— Requirement —
Reproduce only the lines below from the line containing "9pm By Afnan, enough" to the line containing "The festival once", exactly as written, with both end lines kept. Omit the pictures.
──────── Record extracts ────────
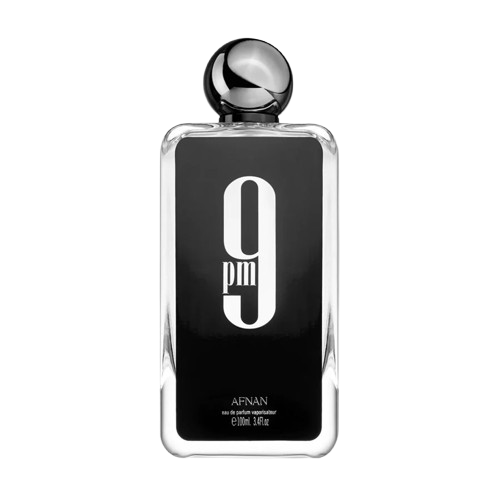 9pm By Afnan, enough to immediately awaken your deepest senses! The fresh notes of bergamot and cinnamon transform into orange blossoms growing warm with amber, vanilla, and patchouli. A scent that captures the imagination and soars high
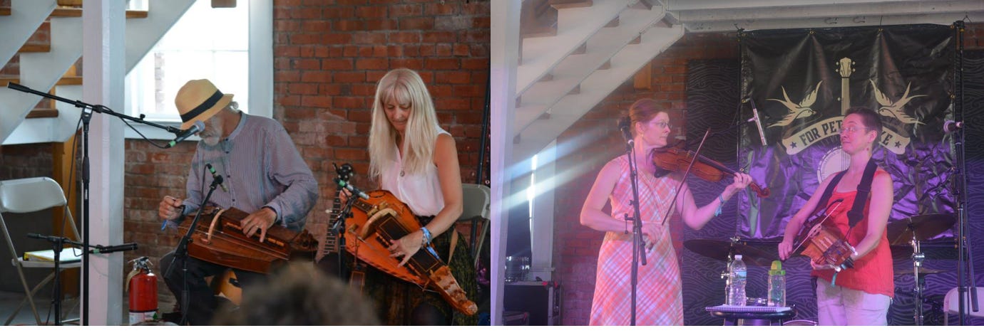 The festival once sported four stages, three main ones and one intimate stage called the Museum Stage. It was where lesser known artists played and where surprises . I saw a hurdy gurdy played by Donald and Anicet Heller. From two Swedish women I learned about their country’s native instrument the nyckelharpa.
────────
──────── Record extracts ────────
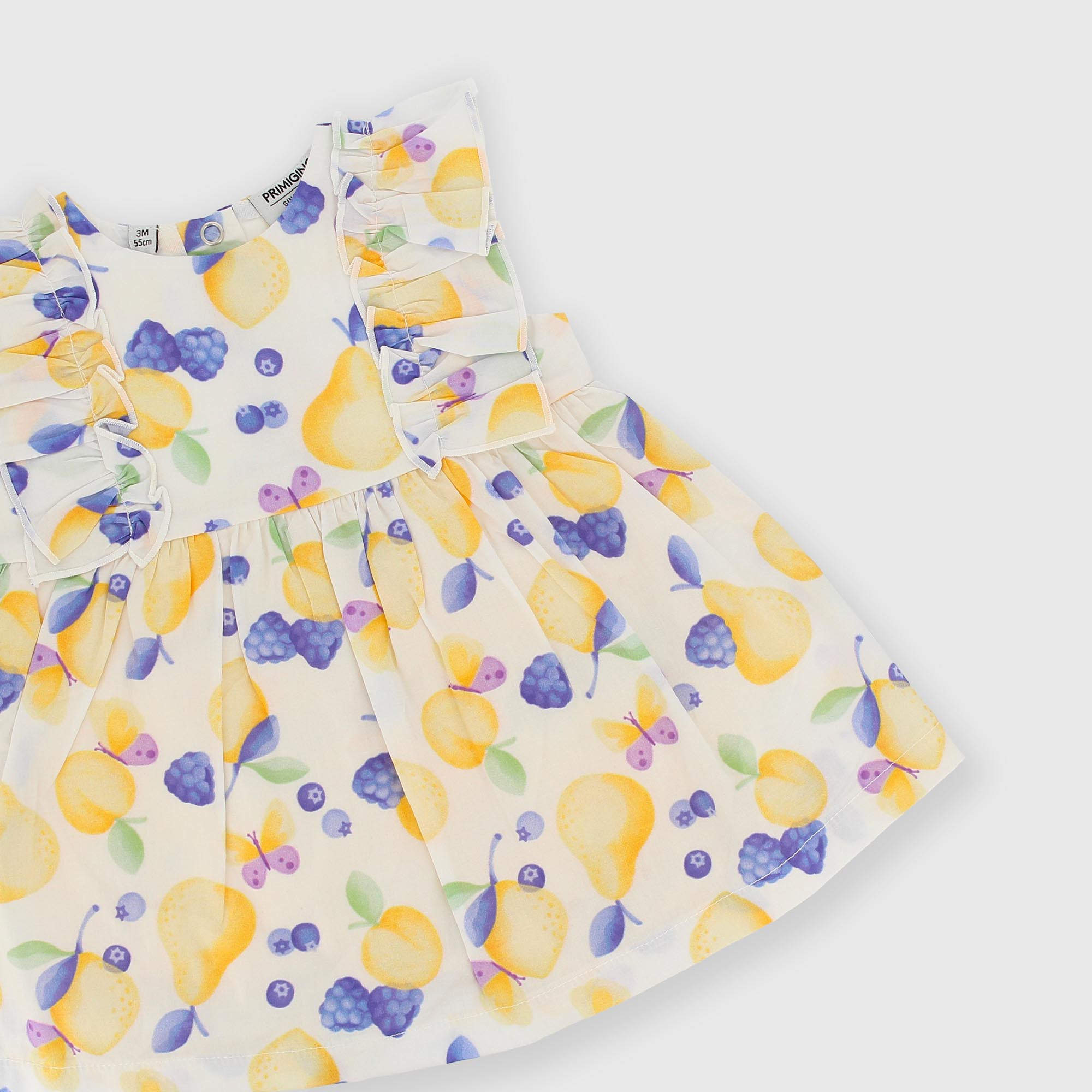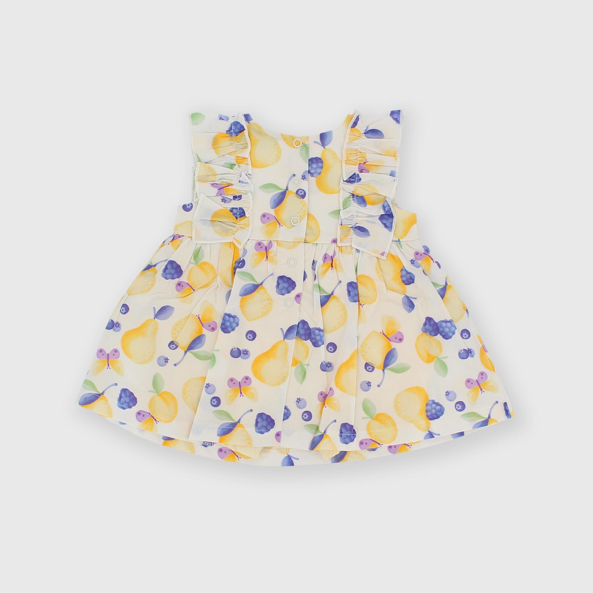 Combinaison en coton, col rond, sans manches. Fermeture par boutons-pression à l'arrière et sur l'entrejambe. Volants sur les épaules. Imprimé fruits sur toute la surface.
────────
— Result of this task —
 9pm By Afnan, enough to immediately awaken your deepest senses! The fresh notes of bergamot and cinnamon transform into orange blossoms growing warm with amber, vanilla, and patchouli. A scent that captures the imagination and soars high
 The festival once sported four stages, three main ones and one intimate stage called the Museum Stage. It was where lesser known artists played and where surprises . I saw a hurdy gurdy played by Donald and Anicet Heller. From two Swedish women I learned about their country’s native instrument the nyckelharpa.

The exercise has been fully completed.